START DATASET CONTENT

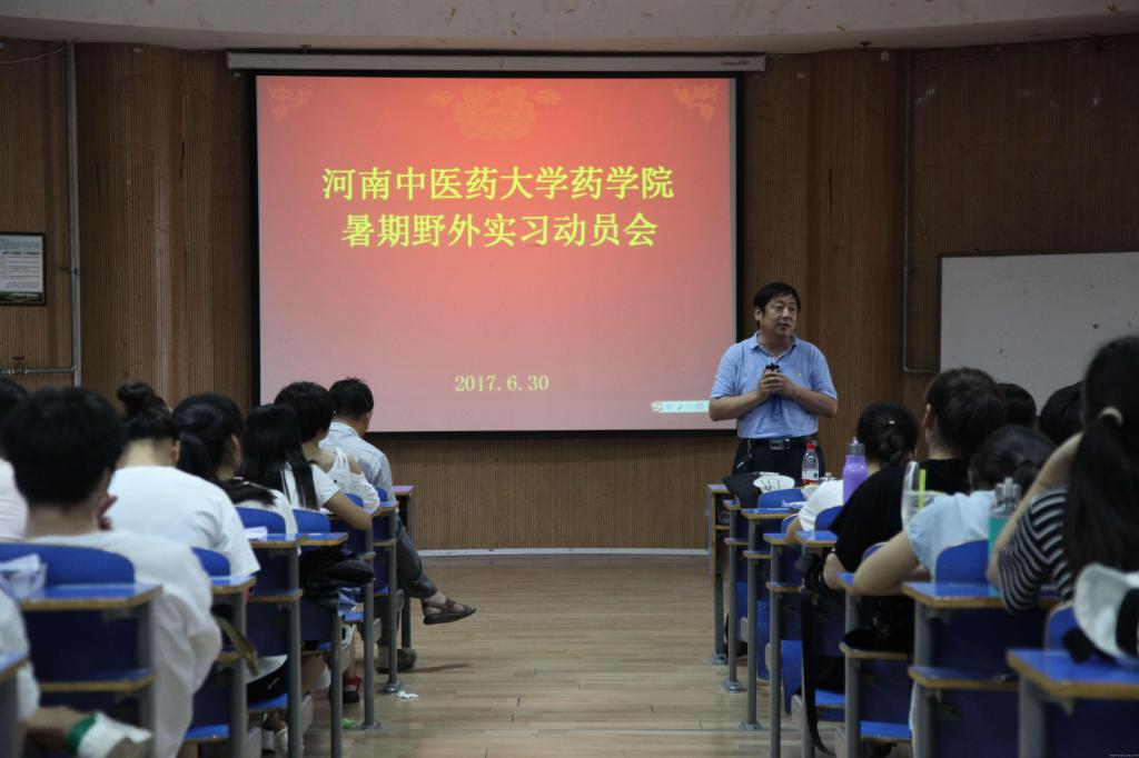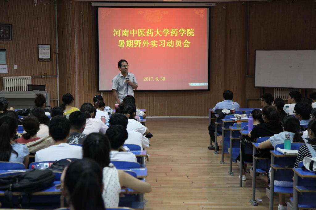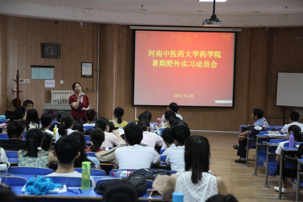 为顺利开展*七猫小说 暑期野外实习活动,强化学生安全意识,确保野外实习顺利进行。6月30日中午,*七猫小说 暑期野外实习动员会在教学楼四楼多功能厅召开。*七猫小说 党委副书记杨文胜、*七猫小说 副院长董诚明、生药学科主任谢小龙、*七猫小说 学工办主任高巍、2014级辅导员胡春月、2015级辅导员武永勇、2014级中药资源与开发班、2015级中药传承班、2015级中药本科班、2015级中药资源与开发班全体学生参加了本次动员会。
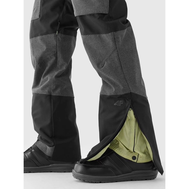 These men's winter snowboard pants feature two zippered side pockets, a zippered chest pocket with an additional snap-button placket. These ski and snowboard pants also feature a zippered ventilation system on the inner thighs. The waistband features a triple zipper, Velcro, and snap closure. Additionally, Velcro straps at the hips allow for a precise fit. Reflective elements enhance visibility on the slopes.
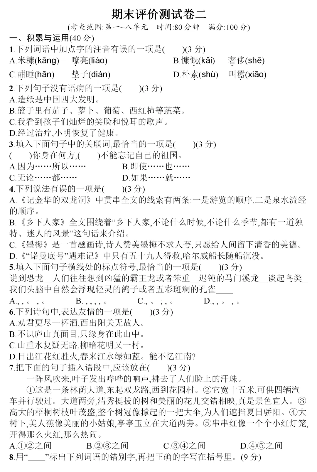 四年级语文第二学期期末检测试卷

END DATASET CONTENT

» **ABOUT THIS TASK**: Reproduce the lines above exactly, image-free.

» **ANSWER FOR THE TASK**:
 为顺利开展*七猫小说 暑期野外实习活动,强化学生安全意识,确保野外实习顺利进行。6月30日中午,*七猫小说 暑期野外实习动员会在教学楼四楼多功能厅召开。*七猫小说 党委副书记杨文胜、*七猫小说 副院长董诚明、生药学科主任谢小龙、*七猫小说 学工办主任高巍、2014级辅导员胡春月、2015级辅导员武永勇、2014级中药资源与开发班、2015级中药传承班、2015级中药本科班、2015级中药资源与开发班全体学生参加了本次动员会。
 These men's winter snowboard pants feature two zippered side pockets, a zippered chest pocket with an additional snap-button placket. These ski and snowboard pants also feature a zippered ventilation system on the inner thighs. The waistband features a triple zipper, Velcro, and snap closure. Additionally, Velcro straps at the hips allow for a precise fit. Reflective elements enhance visibility on the slopes.
 四年级语文第二学期期末检测试卷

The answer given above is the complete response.